4

The issue is I want to match all of the text on either side of the comment and exclude the comment itself.

There are plenty of 'comments' related regex posts, but most are in other languages (I am using notepad++ which wikipedia tells me is POSIX ERE, let's not discuss languages or tools), and most are focused on finding the comments, which I have done already.

This will find the encompassing text I desire (this will include the internal block comment in the match):

(^)rule ((.|\n|\r)*?)(^)end

The above finds anything between 'rule' and 'end', inclusive. Fine.

This will find the block comment:

(?:/\*(?:(?:[^*]|\*(?!/))*)\*/)

The above finds anything between /* and */, inclusive. Fine. I am not concerned if there might be one of the */ inside the comment, not an issue in my case.

Now the question is how do I put the block comment into a negative in the middle of the positive rule match above, so that it matches everything between RULE and END except for commented text?

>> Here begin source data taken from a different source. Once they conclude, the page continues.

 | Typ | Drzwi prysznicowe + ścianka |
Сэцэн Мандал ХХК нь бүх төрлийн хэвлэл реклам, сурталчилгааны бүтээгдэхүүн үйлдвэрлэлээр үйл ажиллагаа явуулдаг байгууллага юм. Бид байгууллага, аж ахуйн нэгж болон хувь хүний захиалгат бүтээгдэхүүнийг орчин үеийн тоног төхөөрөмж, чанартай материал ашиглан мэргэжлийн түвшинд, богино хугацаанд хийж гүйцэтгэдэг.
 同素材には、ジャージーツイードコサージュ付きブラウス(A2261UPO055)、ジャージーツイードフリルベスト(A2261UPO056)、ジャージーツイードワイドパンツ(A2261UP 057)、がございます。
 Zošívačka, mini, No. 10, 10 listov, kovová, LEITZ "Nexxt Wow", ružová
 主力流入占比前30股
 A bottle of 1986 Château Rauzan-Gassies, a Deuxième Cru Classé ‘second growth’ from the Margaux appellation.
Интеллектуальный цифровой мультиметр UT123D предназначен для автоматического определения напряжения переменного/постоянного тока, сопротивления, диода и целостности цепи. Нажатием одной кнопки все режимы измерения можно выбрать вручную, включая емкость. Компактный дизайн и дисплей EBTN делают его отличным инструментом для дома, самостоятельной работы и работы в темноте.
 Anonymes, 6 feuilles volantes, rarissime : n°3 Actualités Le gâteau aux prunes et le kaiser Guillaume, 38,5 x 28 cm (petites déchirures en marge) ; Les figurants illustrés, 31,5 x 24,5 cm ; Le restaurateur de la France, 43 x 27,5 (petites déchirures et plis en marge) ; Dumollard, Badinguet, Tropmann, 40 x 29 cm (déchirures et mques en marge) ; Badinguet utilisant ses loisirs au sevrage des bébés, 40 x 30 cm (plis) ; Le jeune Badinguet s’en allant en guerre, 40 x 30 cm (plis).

Bonus points if your answer excludes single line // comments as well.

weberc2
  • 7,423
  • 4
  • 41
  • 57
  • What are you trying to do? Would it be possible to just use your block comment matching pattern and then delete matches? – Michael Myers Jan 16 '13 at 16:59
  • Actually, the latest versions of notepad++ are using Phillip Hazel's powerful and robust [PCRE regex library](http://www.pcre.org/) which provides advanced Perl 5 regex constructs. The info in the Wiki might be a little stale. Regarding your problem at hand - this likely cannot be done with a single regex (depending upon what source code language you are editing). – ridgerunner Jan 16 '13 at 17:10
  • Before posting my thought was to use the positive comment match and eliminate the comments, which is what we will do, since our sample set is small enough. I found similar posts that also said that this situation is bumping up against the limits of what regex can do. Thanks for replies. cheers! – user1984308 Jan 16 '13 at 17:54
  • I'm not familiar with notepad++ but if @ridgerunner is right and you can use PCRE library then you can do this using a single regex. I myself have recently answered 2 questions here with recursive patterns, both using lookaround rules inside. – inhan Jan 16 '13 at 21:56

2 Answers2

1

Let me start by saying: regex is not made to do this!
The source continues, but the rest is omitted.